* _Supplied data_

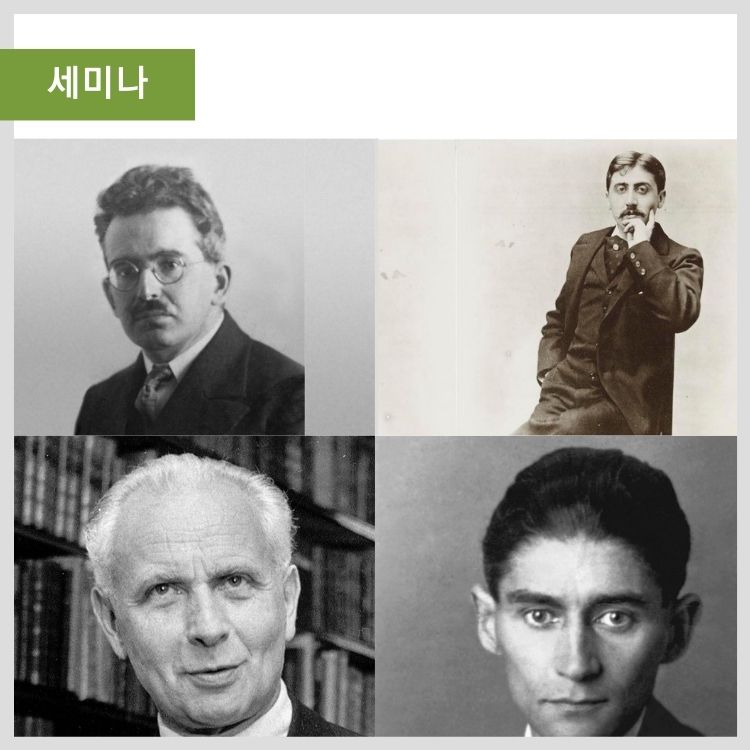 | 4주차 | 9월 27일(수) 2교시 (16:30-18:20) 카프카: 망각의 형상들 카프카의 문학 세계에는 망각이라는 모티프를 중심으로 다양한 형상의 스펙트럼이 펼쳐진다. 카프카의 작품에 동물이 유독 많이 등장하는 이유는 망각의 모티프와 관련이 있다. 카프카가 “동물들에게서 지칠줄 모르고 엿들으려고”(벤야민) 했던 것은 피조물로서 인간이 동물과 공유하고 있는 측면이다. 『가장의 근심』, 『선고』, 『굴』 등 카프카의 단편을 통해 이 측면을 구체적으로 살펴본다. |
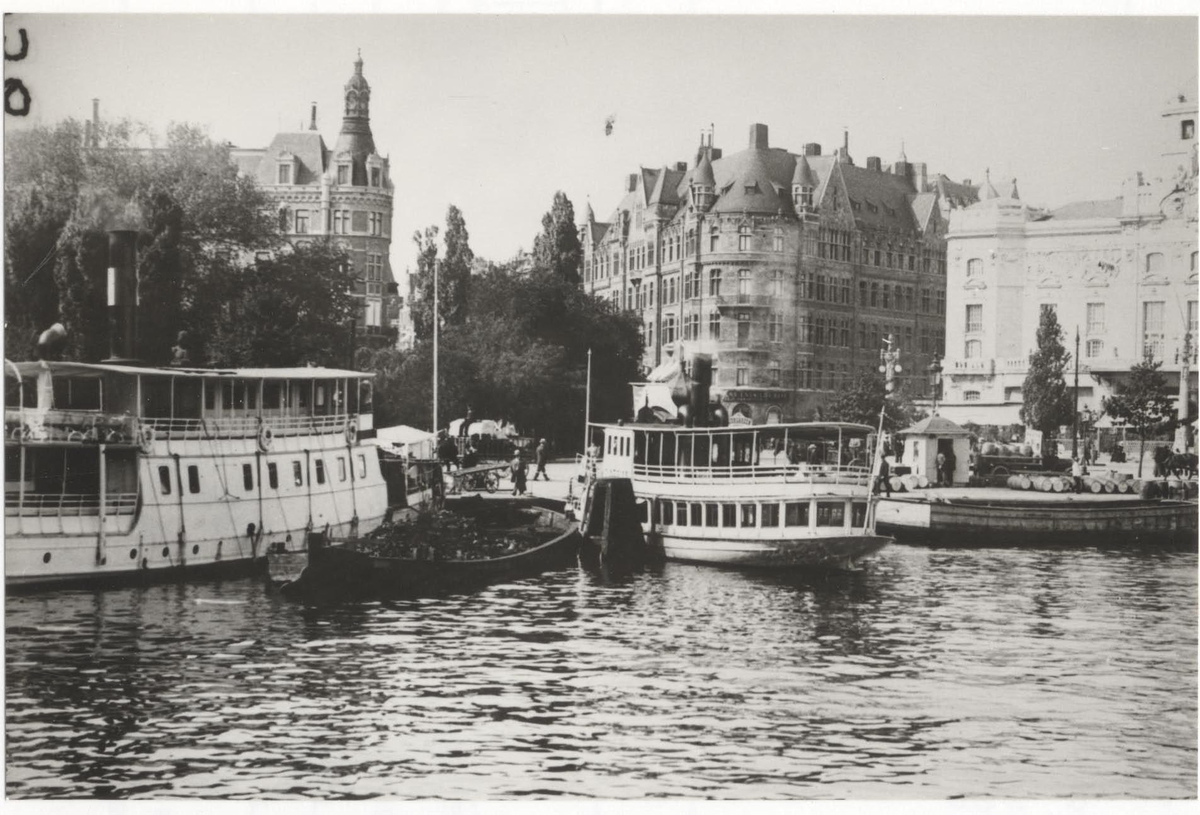 Stockholm, Nybrokajen med fr v S/S DALARÖ, namnlös kolpråm, S/S LÄRKAN.
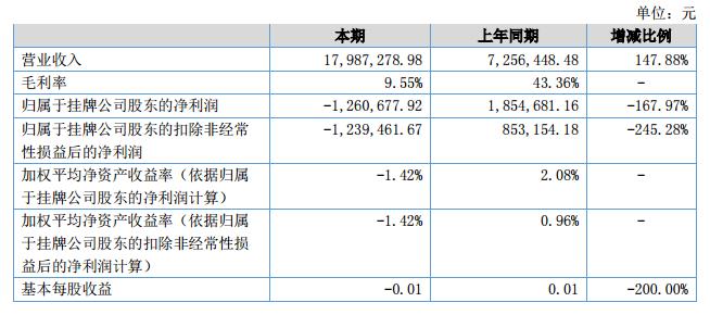 報告期內(nèi),公司實現(xiàn)營業(yè)收入17,987,278.98元,比去年同期7,256,448.48元增長147.88%;公司凈利潤為-1,260,677.92元,扣除非經(jīng)常性損益的凈利潤-1,239,461.67元,相比去年同期由盈轉(zhuǎn)虧。?
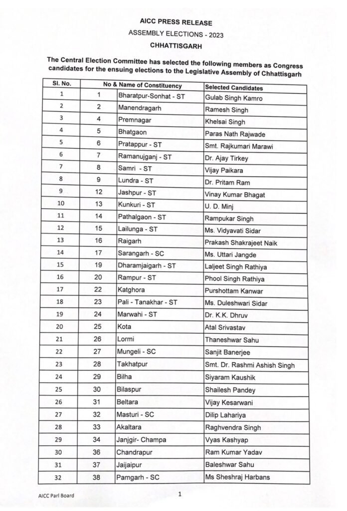 Home Politics 53 उम्मीदवारों की लिस्ट जारी,बलौदा बाजार से शैलेश नितिन,तो धरशिवा से छाया...
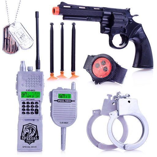 В наборе: пистолет с 3 патронами на присосках, наручники, часы, жетоны, рация и измерительный прибор.
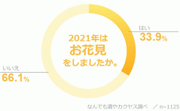 三度目となるコロナ禍でのお花見を、カクヤスユーザーたちはどうとらえているのでしょうか。まず、2021年はお花見をしたかどうかを聞いてみたところ、「はい」は34%、「いいえ」は66%でした。2021年3月下旬からの約1カ月間は緊急事態宣言が解除されましたが、お花見を断念した人は多かったようです。
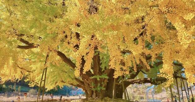 Каждый год поздней осенью тысячи людей съезжаются в деревню Бангё-ри, расположенную в южнокорейской провинции Кёнсан, чтобы увидеть красоту 860-летнего дерева гинкго билоба. При высоте около 32 м это даже не самое высокое гинкго в азиатской стране, но то, как раскинулись его ветви, делает дерево одним из самых впечатляющих на Земле.

* _Instructions to follow_
Would you please print the entries once more, word for word, minus the pictures?

* _Exercise solution_
 | 4주차 | 9월 27일(수) 2교시 (16:30-18:20) 카프카: 망각의 형상들 카프카의 문학 세계에는 망각이라는 모티프를 중심으로 다양한 형상의 스펙트럼이 펼쳐진다. 카프카의 작품에 동물이 유독 많이 등장하는 이유는 망각의 모티프와 관련이 있다. 카프카가 “동물들에게서 지칠줄 모르고 엿들으려고”(벤야민) 했던 것은 피조물로서 인간이 동물과 공유하고 있는 측면이다. 『가장의 근심』, 『선고』, 『굴』 등 카프카의 단편을 통해 이 측면을 구체적으로 살펴본다. |
 Stockholm, Nybrokajen med fr v S/S DALARÖ, namnlös kolpråm, S/S LÄRKAN.
 報告期內(nèi),公司實現(xiàn)營業(yè)收入17,987,278.98元,比去年同期7,256,448.48元增長147.88%;公司凈利潤為-1,260,677.92元,扣除非經(jīng)常性損益的凈利潤-1,239,461.67元,相比去年同期由盈轉(zhuǎn)虧。?
 Home Politics 53 उम्मीदवारों की लिस्ट जारी,बलौदा बाजार से शैलेश नितिन,तो धरशिवा से छाया...
 В наборе: пистолет с 3 патронами на присосках, наручники, часы, жетоны, рация и измерительный прибор.
 三度目となるコロナ禍でのお花見を、カクヤスユーザーたちはどうとらえているのでしょうか。まず、2021年はお花見をしたかどうかを聞いてみたところ、「はい」は34%、「いいえ」は66%でした。2021年3月下旬からの約1カ月間は緊急事態宣言が解除されましたが、お花見を断念した人は多かったようです。
 Каждый год поздней осенью тысячи людей съезжаются в деревню Бангё-ри, расположенную в южнокорейской провинции Кёнсан, чтобы увидеть красоту 860-летнего дерева гинкго билоба. При высоте около 32 м это даже не самое высокое гинкго в азиатской стране, но то, как раскинулись его ветви, делает дерево одним из самых впечатляющих на Земле.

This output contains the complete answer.